Nota: a idade de gerar despenca

Há uma segunda coisa nos números, e essa qualquer leitor confere sozinho. Basta seguir a lista no texto hebraico: Sem gerou aos 100 anos; Arfaxade, aos 35; Salá, aos 30; Héber, aos 34; Pelegue, aos 30; Reú, aos 32; Serugue, aos 30; Naor, aos 29.

De cem para trinta e cinco em uma geração, e depois sete nomes seguidos entre vinte e nove e trinta e cinco anos. A única exceção vem no fim: Terá gera aos setenta. Antes do dilúvio, em Gênesis 5, o quadro era outro — Adão gerou aos 130, Sete aos 105, Jarede aos 162, Matusalém aos 187, Noé aos 500. A ruptura entre as duas listas é gritante, e acontece exatamente aqui, entre Sem e Arfaxade.

O detalhe mais curioso é que as duas curvas não caem juntas. O tempo total de vida diminui devagar: Arfaxade ainda chega a 438 anos, Salá a 433, Héber a 464. Mas a idade de gerar desaba de uma vez e fica parada em valores simplesmente humanos, os mesmos de qualquer homem de hoje. É como se, a partir de Arfaxade, uma parte da vida dos patriarcas já pertencesse ao nosso mundo enquanto a outra ainda pertencesse ao anterior. O texto não comenta o fenômeno; apenas o registra.

11. Conclusão

Uma linha curta, e três coisas que ela põe na mesa. A primeira é um homem de quem nada se sabe: o nome de Arfaxade resiste ao hebraico, às etimologias e a séculos de estudo. Pode apontar para a região de Arrapha, no norte da Mesopotâmia; pode guardar dentro de si o nome dos caldeus; pode ser, como quatro dos seus cinco irmãos em Gênesis 10, o nome de um povo transformado em ancestral. Nenhuma dessas leituras é demonstrável, e um comentário honesto precisa dizer isso em vez de escolher a mais bonita e apresentá-la como certeza.

A segunda é um número que despenca: de cem anos para trinta e cinco, de uma geração para a outra, e daí em diante uma sequência inteira de patriarcas gerando na casa dos trinta. A queda está no texto e é verificável por qualquer leitor com paciência para somar. A terceira é a descoberta de que as antigas testemunhas discordam entre si: trinta e cinco no hebraico, cento e trinta e cinco no grego e no samaritano, cem anos de diferença aplicados com método ao longo de quase toda a lista.

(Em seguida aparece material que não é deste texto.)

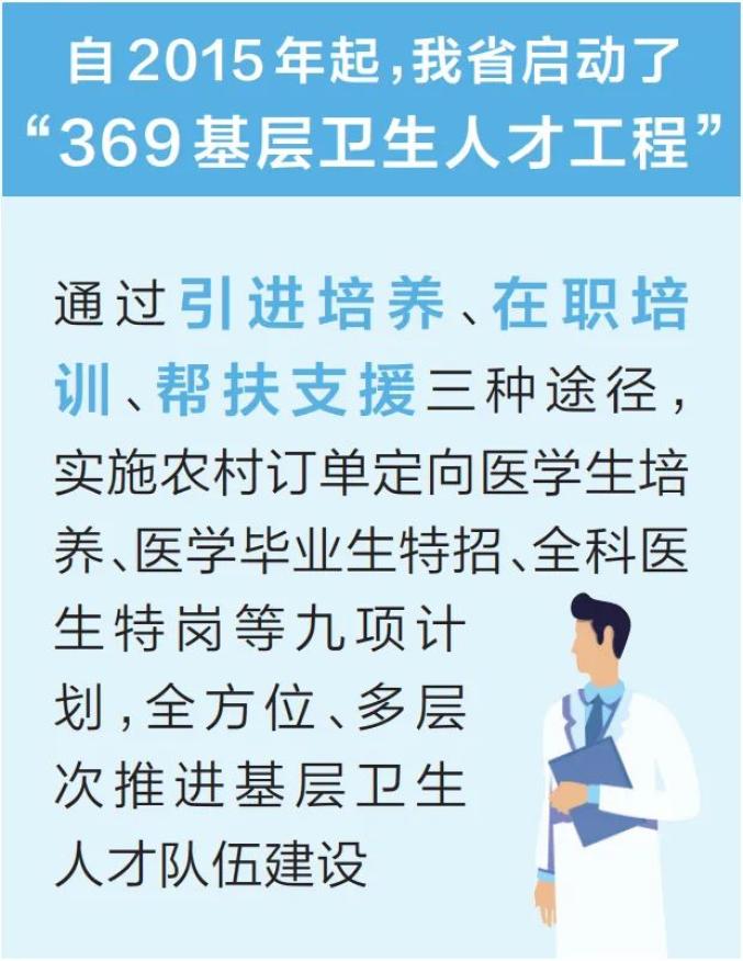 据省卫生健康委相关负责人介绍,自2015年起,我省启动“369基层卫生人才工程”,实施农村定向医学生培养、医学毕业生特殊招聘、全科医生特殊岗位等9项计划。通过引进培训、在职培训和支持支持,全方位、多层次推进基层卫生人才队伍建设。

É a marca de mãos humanas sobre um texto sagrado, e não precisa ser escondida. A Bíblia atravessou a história carregada por escribas, tradutores e comunidades que às vezes tentaram ajeitar aquilo que não entendiam. Reconhecer isso é o começo de uma leitura adulta, não o fim da fé.

E, no meio dos três problemas, uma cena simples que o texto deixa passar sem comentar: um homem jovem, na planície entre os rios, com um filho no colo. Não se sabe o que ele pensava nem o que fazia da vida. Sabe-se que gerou Salá — e que, por causa disso, houve o passo seguinte, e depois o outro, até Terá, até Abrão, até a promessa. Deus não precisou de um herói neste ponto da história: precisou de alguém que vivesse a sua vida comum e passasse adiante o que recebeu. Foi o bastante.